Later in the summer, Liz Benz, a 17-year-old volunteer with BBYO, was on her hands and knees painting a mural to connect two gardens on either side of Holbrook Street. She is considering college in the Baltimore area and saw this project as an opportunity to learn more about the city.

“I went to New Orleans with JFSJ and helped clean up there because people don’t realize how hard up they still are,” she says. It was her first exposure to Jewish community service, and it left her wanting more. “I learned [in New Orleans] that when you get a group of people determined to change the world, you can do it. You can see people pass by and smile, and you know you’re making a difference.”

Ms. Benz came to Baltimore from Philadelphia as part of a 44-person group of predominantly incoming high school sophomores from all over the U.S. This was BBYO’s sixth year in a row spent in our city for their annual two-week service learning trip, known as Operation Shema, in part due to a lasting bond with JFSJ.

BBYO members were broken up into two groups and rotated between one week of work on the Oliver gardens, and one week volunteering with elementary to high school aged students in the nearby Reservoir Hill neighborhood.

“We worked with Civic Works, weeding, mulching, planting trees and picking up trash,” explained 17-year-old BBYO teen coordinator Jesse Rabinowitz of Norfolk, Va. who had also done the trip last year. “You’d wake up, and yeah you’d be sore, and you might want to sleep a little more, but when you got to the site you’d realize how much your help was needed and then you’d really wake up; you’d get pumped up by your friends,’ he said.

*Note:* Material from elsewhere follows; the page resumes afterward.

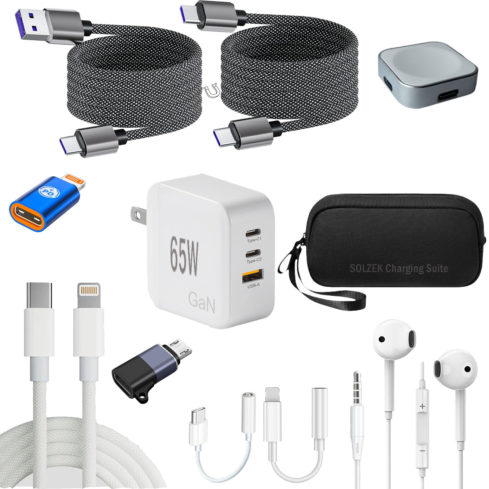 Suite de carga todo en uno para viajes, 11 artículos incluidos, cubre USB C/Lightning/Micro USB/iWatch, con auriculares para 3 pue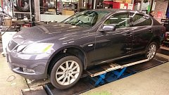 某有名自動車情報誌の取材で、ボルボの広報車両に新商品「アレンザ」を組み付けました。 当店はブリヂストンのアンテナショップとしてこのような仕事もさせて頂いております。

Operation Shema participant Nora Padison, 15, came to Baltimore from Gaithersburg. She explained how the mural artist asked the Oliver residents to choose between different themes for the painting.

“They liked flowers, so we painted these huge flowers all over the sidewalk. At first it was just a blue outline. At the end of our first day it was bright and vivid. And after the two weeks were over, it was beautiful. We saw the change, and it felt great,” she said.

BBYO also found time to go door-to-door around Oliver with BUILD members, encouraging residents to join in a discussion about the building of a new grocery store. “Getting to know … the people from BUILD was really nice,” said Ms. Padison. “It felt right, working together to help them on things that would last a long time. I learned that nothing’s going to be done for you. You have to do it yourself,” she said.

“This is just the beginning” for JFSJ’s involvement in Oliver, according to Simon Greer. “We envision growing a bigger and bigger volunteer base in Baltimore. And of course building housing begs the question of schools and jobs. Once the funds for housing are locked in, we hope to work with the same groups to tackle education and infrastructure in these communities,” he said.

According to Ms. Gaines, JFSJ “will continue to stay involved with the community as engaged partners who will work towards a sustainable needs-based project…. We will continue to be an active investor of social and financial capital [in east Baltimore] and to eventually have our four signature programs implemented here: the Tzedec program, congregation-based community organizing, the Selah leadership development program, and a combination of service learning travel programming and local service learning in collaboration with local organizations. We hope for this to be a long-term relationship.”

From her door on the 1700 block of Holbrook Street, Martha Best watched much of the work being done by the volunteers this summer. It was in fact her voice that helped inspire it. Ms. Best is a 35-year resident of Oliver, an active member of BUILD and a staunch advocate for her neighborhood. At a city planning meeting in 2007, Ms. Best brought attention to the high vacancy rate on her street, sparking a flurry of demolitions and rehabs. Gesturing toward the volunteers she says, “The neighbors and I wanted to see gardens instead of vacant lots for dumping grounds…We are so appreciative that this is happening.”

But the work, she explains, is far from over. Looking south from her home on Holbrook Street, you can see 59 vacant homes BUILD is attempting to get rehabbed or demolished. With the help of Baltimore City, JFSJ and TRF, BUILD hopes to see big changes over the next decade. “We’re trying to bring the city back again,” she says.